働きすぎ改革の議論が進んでいますが、国や経済界は長時間労働をよしとする旨の法案を通そうと躍起になっています。私も好きな仕事をしているときは時間が気にならず、ついつい働きすぎてしまいますが、そんなことを続けているとやがて心と体が疲れ、ストレスを抱えることになります。限界にチャレンジすると集中力がなくなり、逆に生産性を下げてしまいます。長時間労働が常態化するとやがては自分の成長を止めてしまうのです。最近は働きすぎは自分のパフォーマンスに影響すると考えるようになり、私は休息と睡眠を意識していますが、これを労働者側だけに求めるのは無理があると思います。企業や社会、政治家が残業を減らし、リフレッシュしたほうが生産性を上げるという議論をもっともっとすべきです。
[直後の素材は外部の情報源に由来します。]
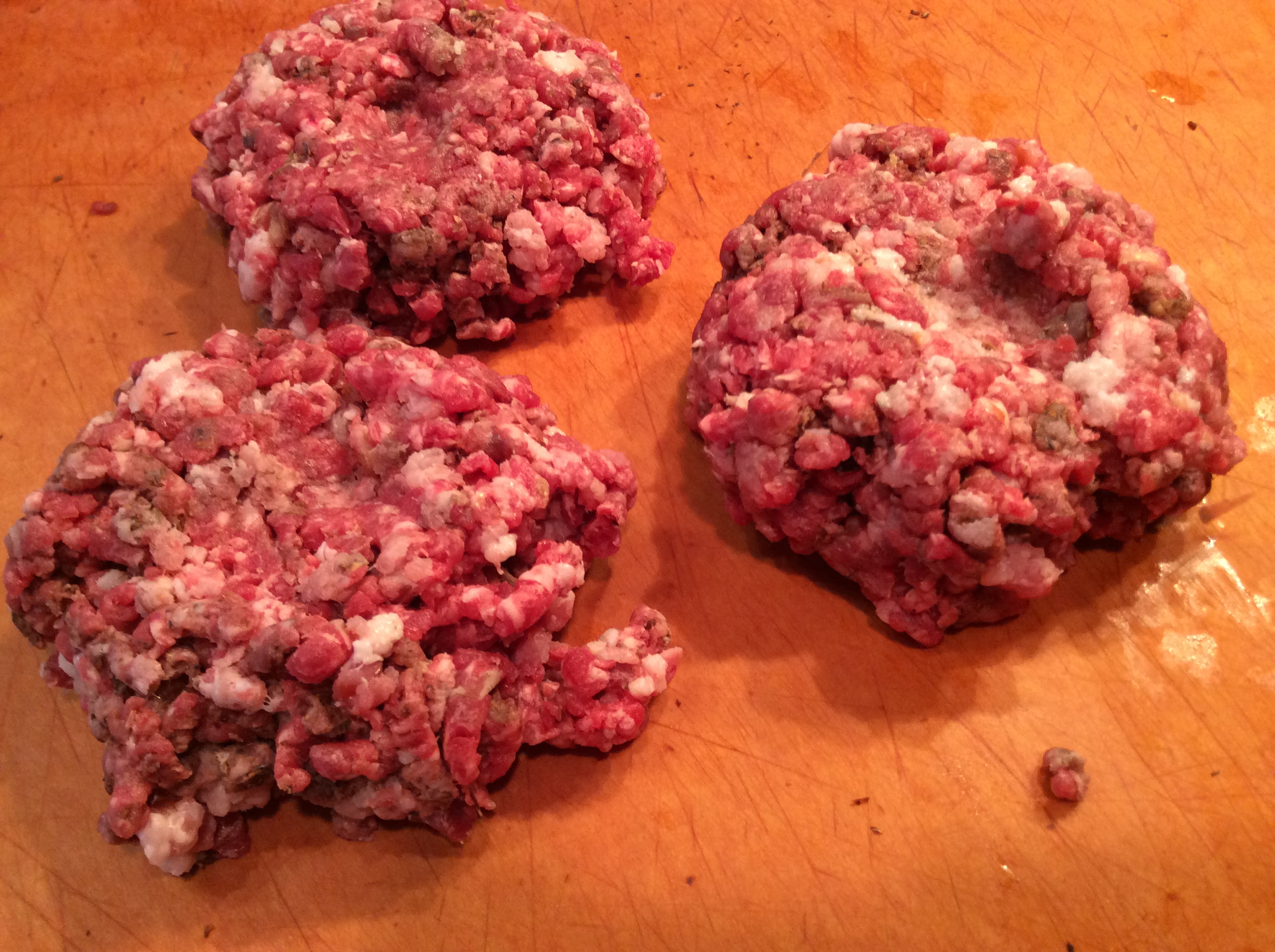 Grind the meat on the biggest holes on the grinder adding beef, bacon, and mushrooms pieces alternating between them so that it’s all mixed up.  Working quickly, form the ground meat into patties being careful not to work them too much.  I like to put sort of a dimple in the middle of the patties to aid in even cooking.  If you’re not going to be cooking them right away, stick them in the fridge until you’re ready.  Just before you cook them, add salt & pepper.  You don’t want to salt them too far ahead of cooking as it will pull moisture out and they will steam instead of frying.
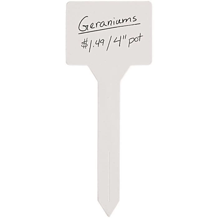 Snow white, heavy .030 styrene with a smooth finish for easy writing. Ideal for pricing, general information, and so much more. 5″ length, general use size, for smaller pots, plants, flats,and seedlings. 9 3/4″ length size for large plants and pots. 2″ x 1 1/2″ writing area. Priced and packed 100 per bundle.
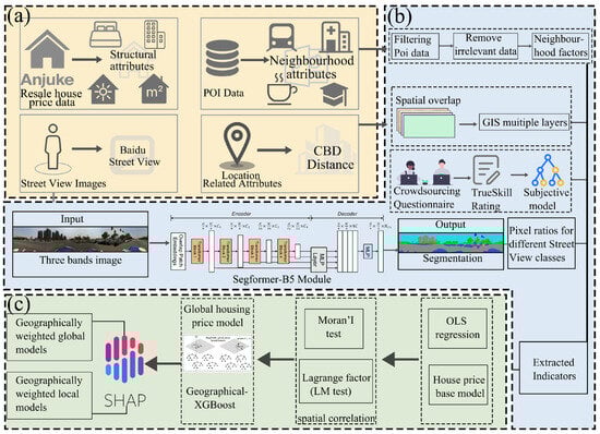 The main steps of the research framework are outlined below, as shown in Figure 2, summarizing the workflow of this study, which includes data collection, feature extraction, property price modeling, and analysis. First, we collected a multi-source dataset consisting of street view images, Points of Interest (POI), neighborhood information, and basic property attributes. Second, we extracted multiple features from these datasets and collected subjective perception scoring data from 45 participants in Tianjin through a crowdsourced visual survey. Third, we established a basic property price model using Ordinary Least Squares (OLS) and tested spatial autocorrelation, dependency, and potential spatial heterogeneity using Moran’s I test and the Lagrange multiplier test on its residuals. We then explored the spatial relationships between property prices and related factors using Geographical-XGBoost (version 1.0.9). Finally, we compared the impact of property price determinants on property prices, considering geographical location, using the global model. We also analyzed the strength of these determinants through SHAP interpretability analysis, and visualized the spatial heterogeneity of the study area using SHAP values from the local model.

週刊新潮3/8 号藤原正彦氏は日本の長時間労働の問題点を指摘しています。平日の長時間労働によって、土日は寝ているだけの休日になり、他のことをする時間を奪います。やりたいことをする時間や自分への投資ができなくなり、人生をつまらなくしてしまいます。これでは自らの活力を削ぎ、仕事のアイデアも生まれなくなります。働きすぎが結婚や子作りに影響し、人口のバランスを崩しているにも関わらず、残業を強いるような法案が国会で議論されているのは寂しい限りです。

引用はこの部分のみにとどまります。